Note that a trial including one or more client actors will wait for all of them to join before any actor can start processing events.

Due to the different network requirements, client actors are a good fit when implementing a frontend for human actors.

Actor Availability

There are four actor parameters (see Trial Parameters) to manage actor responses for a trial: initial_connection_timeout, response_timeout, optional and default_action. The timeouts control when an actor becomes unavailable, and the other two control what happens when it becomes unavailable.

The trial will be hard terminated by the Orchestrator if a required (non-optional) actor becomes unavailable, whereas it can continue if an optional actor becomes unavailable.

The default_action is for optional actors; when the actor is unavailable, the default action will be sent to the environment. If there is no default action defined, the environment is informed that the actor is unavailable, but no action is provided.

E.g. If a required actor (with optional set to False) has a response_timeout set to 5.0 seconds, but takes more than 5 seconds to respond to a new observation (e.g. due to excessive computation, or a crash), then the trial will be terminated.

Controller

Trials are started by clients of the Orchestrator using a Controller. Instances of a controller are built from the context instance and connect to an Orchestrator endpoint.

Python
Javascript

controller = context.get_controller(
  endpoint=cogment.Endpoint(url="grpc://orchestrator:9000")
)

For further details, take a look at the Controller class reference.

const controller = context.getController("grpc://orchestrator:9000");

For further details, take a look at the Controller class reference.

Start and terminate trials

The controller can then be used to create trials and request their termination.

Python
Javascript

trial_id = await controller.start_trial(trial_config=TrialConfig())

# ...

await controller.terminate_trial([trial_id])

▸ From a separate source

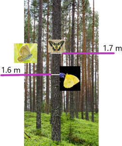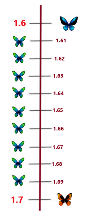 Se identifica que 1.6 m es lo mismo que 1 metro con 6 decímetros y 1.7 m es lo mismo que 1 metro con 7 decímetros, y como cada decímetro tiene 10 centímetros, entonces es como escribir 1 metro 60 centímetros y un metro 70 centímetros, así se podían encontrar entre 60 y 70 varios números. Por lo tanto, la tercera mariposa se pudo haber parado sobre el tronco a una altura de 1.61, 1.62, 1.63, 1.64, 1.65, 1.66, 1.67, 1.68, 1.69 metros.
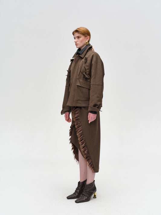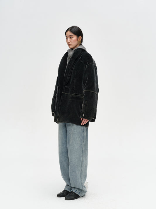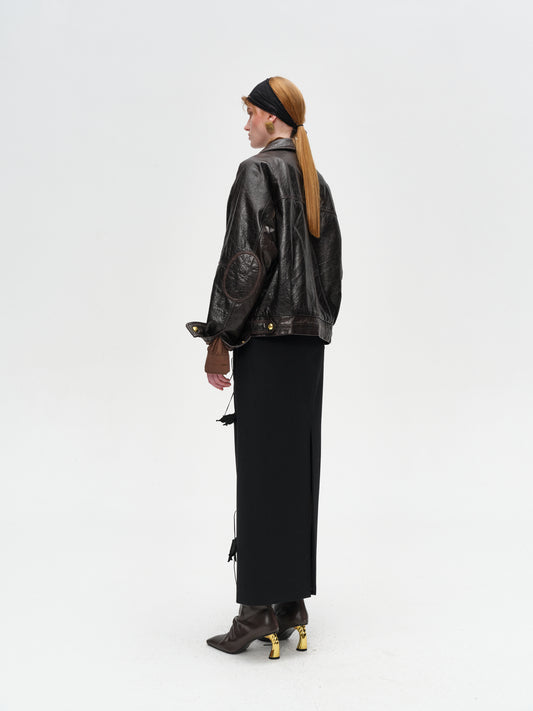 Dark Brown Vintage Texture Lamb Leather Western Coat

const trialId = await controller.startTrial(new TrialConfig());

// ...

await controller.terminateTrial([trialId]);

tip

The default behavior of the Controller's terminate trial function is to trigger a soft termination, an optional hard parameters can be set to True to trigger a hard termination.

Start trial from trial parameters

The above example uses an instance of the user-defined trial configuration to start the trial. This instance is then provided to a pre-trial hook to fully define the trial parameters. It is also possible to fully provide the trial parameters when starting the trial.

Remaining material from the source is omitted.